Anna não só encheu um vazio físico, também contribuiu a encher os vazios psicológicos de centenas de homens que tinham se acostumado a viver na escuridão e a negar a si mesmos. Certamente as máscaras não atingiam a perfeição, mas a artista conseguiu que alguns desses homens se assustassem de satisfação ao ver o resultado. Alguns não podiam conceber que assim tinham sido antes de deixar de ser como eram.
As máscaras não iam ser eternas. Por causa do uso diário, mal duravam intactas um par de anos. Isso ela já sabia. Nenhuma sobreviveu até os dias atuais, mas o instituto Smithsonian guarda todos os documentos de Anna publicados (fotos, diários, etc.) e até um vídeo (acima) que mostra o processo de elaboração de máscaras em seu estúdio.

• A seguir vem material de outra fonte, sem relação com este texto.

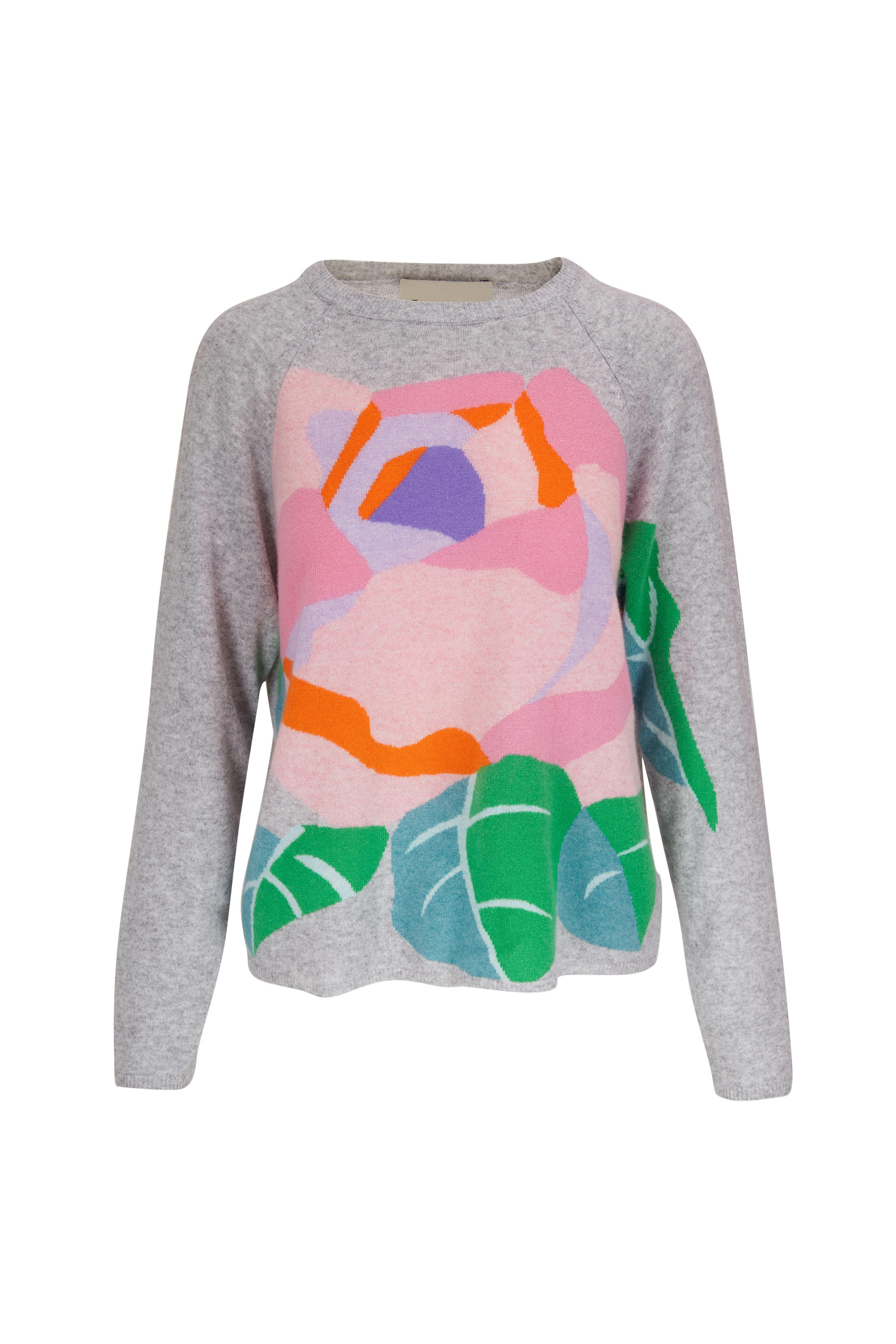 Multicolor Rose Print Cashmere Crewneck Sweater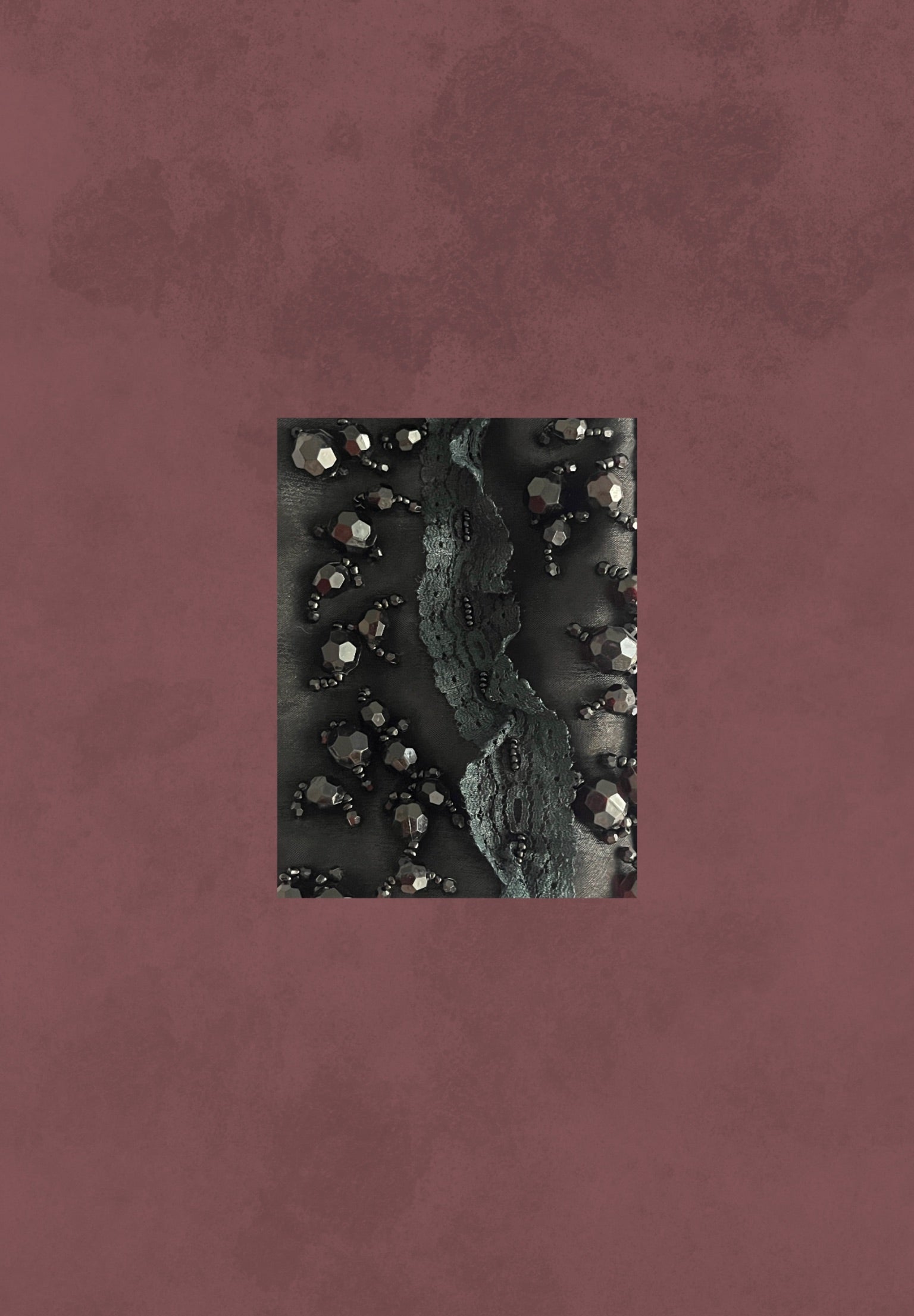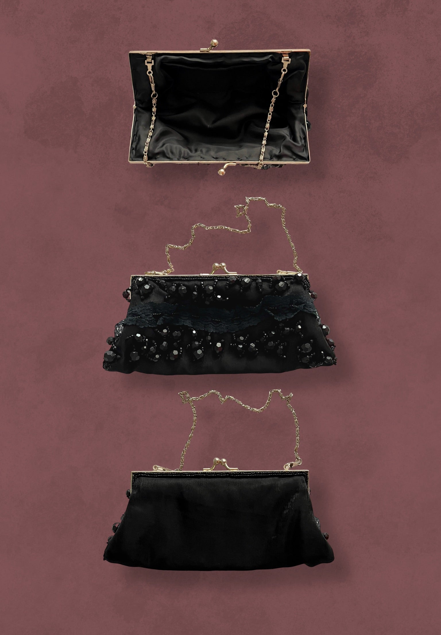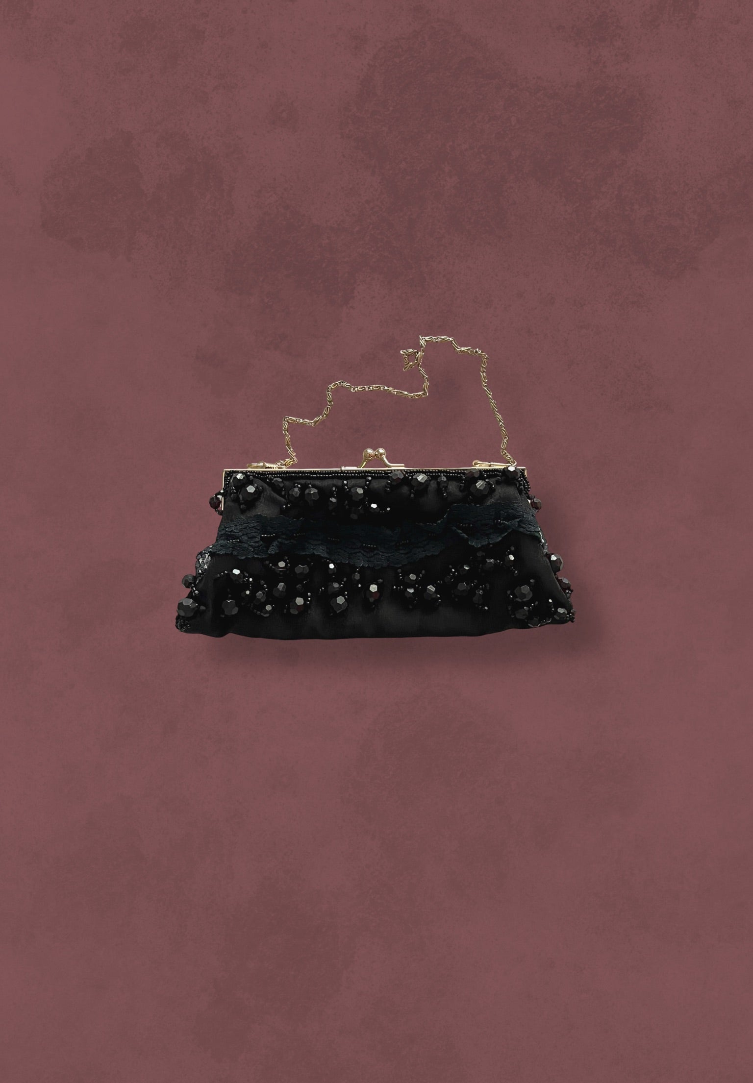 Bolso vintage diseñado con ribete de encaje en el centro y pedrería de tamaños variados. Presenta un marco metálico en acabado plateado.

O regresso aos Estados Unidos e o reconhecimento
Anna regressou a Boston após um ano e meio, depois de conseguir que mais que 200 homens desfrutassem de uma cara nova. Na sua volta, foi condecorada com a Medalha da Legião de Honra e nomeada Cavaleiro da Cruz da Ordem de San Sava de Sérvia. Escreveu duas novelas e sua história inspirou outra. Não pôde fazer nada pelos soldados da Segunda Guerra Mundial: morreu em 3 de junho de 1939, em Santa Barbara, na Califórnia.
- "Graças a você, posso voltar a viver. Graças a você, não me enterrei vivo nas profundidades de um hospital para deficientes", escreveu um de seus valentes sem rosto. É difícil estabelecer uma correspondência entre as fotografias de Anna, nas que só identificamos os rostos, e as cartas que recebeu, nas que só vemos os nomes e apelidos. Por isso, é difícil assegurar que Richard Harrow não existiu.